Your objective: The pictures in the listing below are to be skipped, while the lines between the line holding "Add some starry" and the line holding "Using arc correction, you", inclusive, are to be output exactly.
Start of Records for this exercise
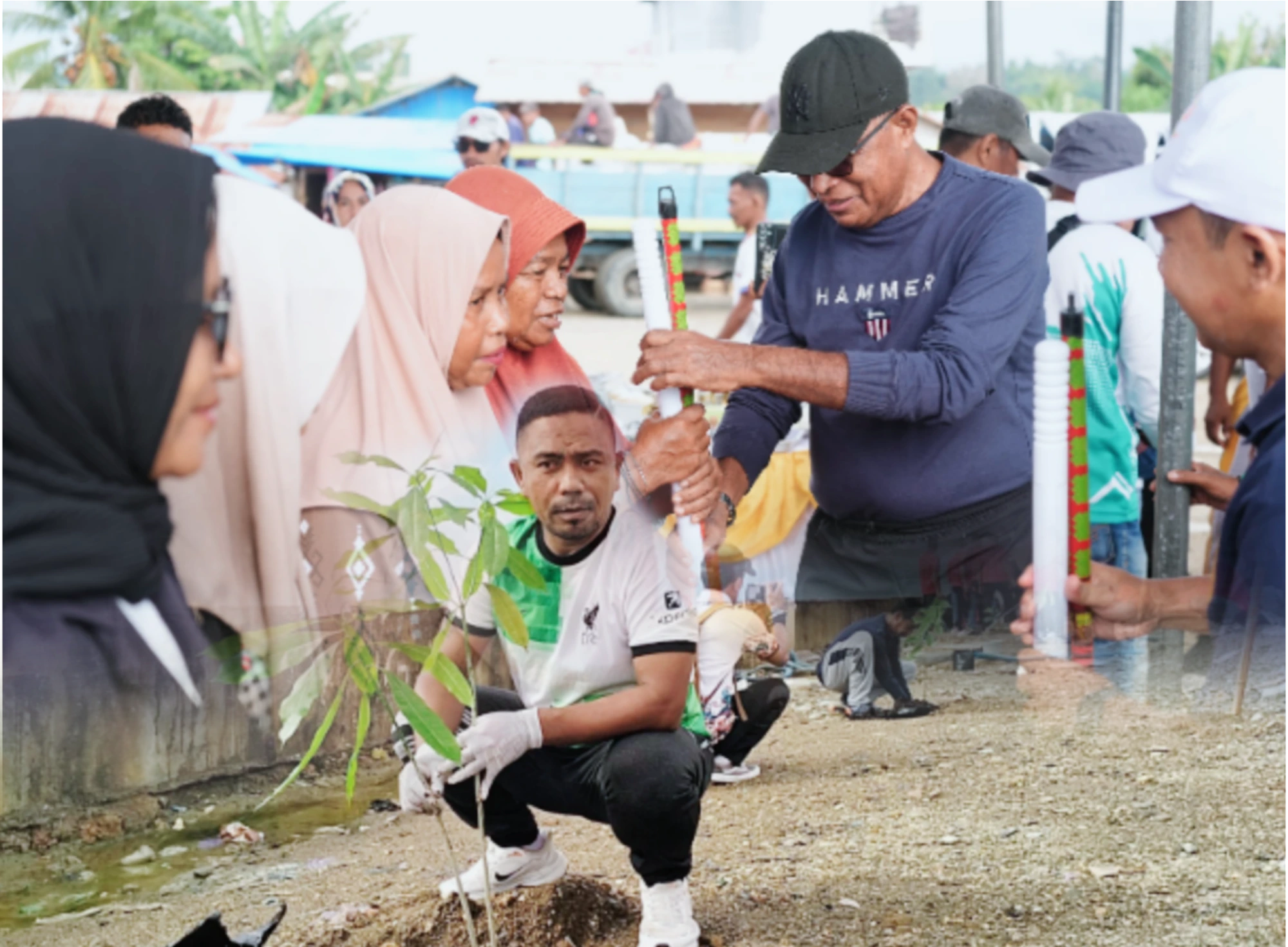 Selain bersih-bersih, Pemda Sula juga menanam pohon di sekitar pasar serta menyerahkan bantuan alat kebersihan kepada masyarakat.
End of Records for this exercise
Start of Records for this exercise
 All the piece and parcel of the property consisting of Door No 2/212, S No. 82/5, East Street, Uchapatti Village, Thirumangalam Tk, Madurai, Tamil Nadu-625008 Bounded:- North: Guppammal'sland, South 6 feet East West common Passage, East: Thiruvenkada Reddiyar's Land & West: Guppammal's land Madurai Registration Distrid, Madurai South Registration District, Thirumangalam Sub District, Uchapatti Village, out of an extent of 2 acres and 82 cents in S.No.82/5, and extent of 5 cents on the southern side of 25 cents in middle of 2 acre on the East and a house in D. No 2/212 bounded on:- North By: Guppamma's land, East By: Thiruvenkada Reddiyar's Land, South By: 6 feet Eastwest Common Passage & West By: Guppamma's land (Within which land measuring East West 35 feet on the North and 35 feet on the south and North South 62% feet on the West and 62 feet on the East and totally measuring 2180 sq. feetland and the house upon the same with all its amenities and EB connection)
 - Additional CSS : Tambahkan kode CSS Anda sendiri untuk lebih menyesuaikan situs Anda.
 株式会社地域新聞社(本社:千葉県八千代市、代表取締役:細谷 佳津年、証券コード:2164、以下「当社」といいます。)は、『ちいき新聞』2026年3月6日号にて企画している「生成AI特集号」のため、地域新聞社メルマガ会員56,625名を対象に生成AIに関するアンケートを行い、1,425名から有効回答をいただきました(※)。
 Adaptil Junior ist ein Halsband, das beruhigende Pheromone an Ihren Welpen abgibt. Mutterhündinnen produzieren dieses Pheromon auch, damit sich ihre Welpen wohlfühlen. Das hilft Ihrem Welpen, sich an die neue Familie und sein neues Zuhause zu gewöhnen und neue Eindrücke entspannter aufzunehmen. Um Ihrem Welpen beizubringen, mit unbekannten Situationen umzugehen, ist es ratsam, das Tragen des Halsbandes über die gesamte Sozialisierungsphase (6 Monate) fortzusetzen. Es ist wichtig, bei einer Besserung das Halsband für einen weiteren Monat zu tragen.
End of Records for this exercise
Start of Records for this exercise
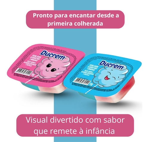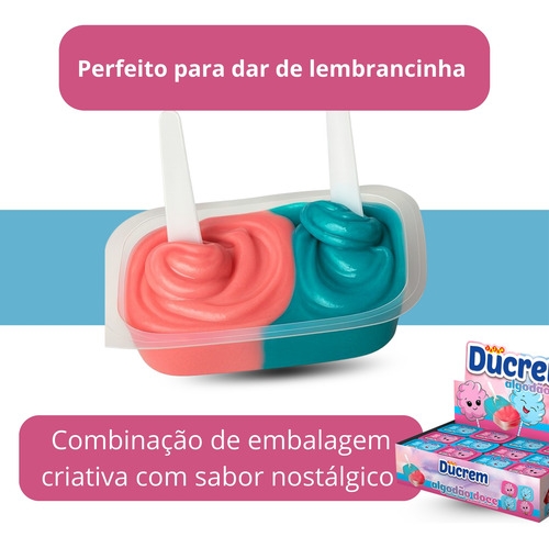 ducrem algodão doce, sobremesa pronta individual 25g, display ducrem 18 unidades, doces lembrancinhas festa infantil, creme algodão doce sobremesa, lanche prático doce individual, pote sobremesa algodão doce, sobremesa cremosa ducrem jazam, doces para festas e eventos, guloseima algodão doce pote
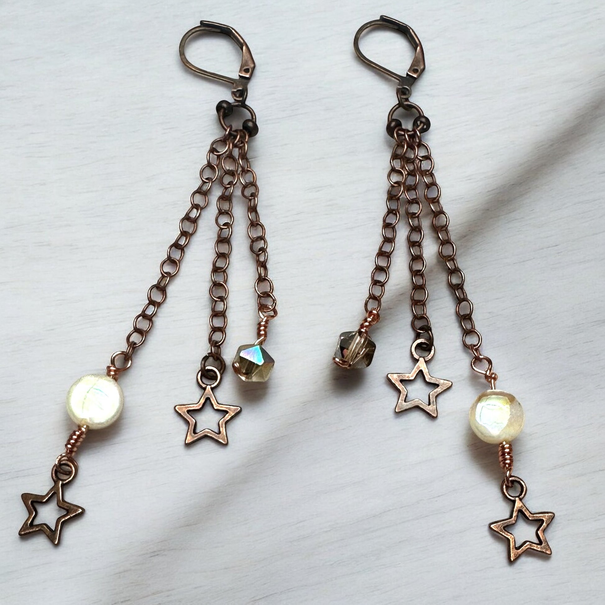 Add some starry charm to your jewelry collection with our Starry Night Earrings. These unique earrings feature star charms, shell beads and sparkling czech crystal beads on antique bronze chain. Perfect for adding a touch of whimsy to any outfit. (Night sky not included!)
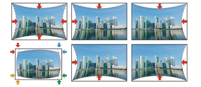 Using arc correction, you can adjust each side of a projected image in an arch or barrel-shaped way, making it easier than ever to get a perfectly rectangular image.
End of Records for this exercise
Task solution:
 Add some starry charm to your jewelry collection with our Starry Night Earrings. These unique earrings feature star charms, shell beads and sparkling czech crystal beads on antique bronze chain. Perfect for adding a touch of whimsy to any outfit. (Night sky not included!)
 Using arc correction, you can adjust each side of a projected image in an arch or barrel-shaped way, making it easier than ever to get a perfectly rectangular image.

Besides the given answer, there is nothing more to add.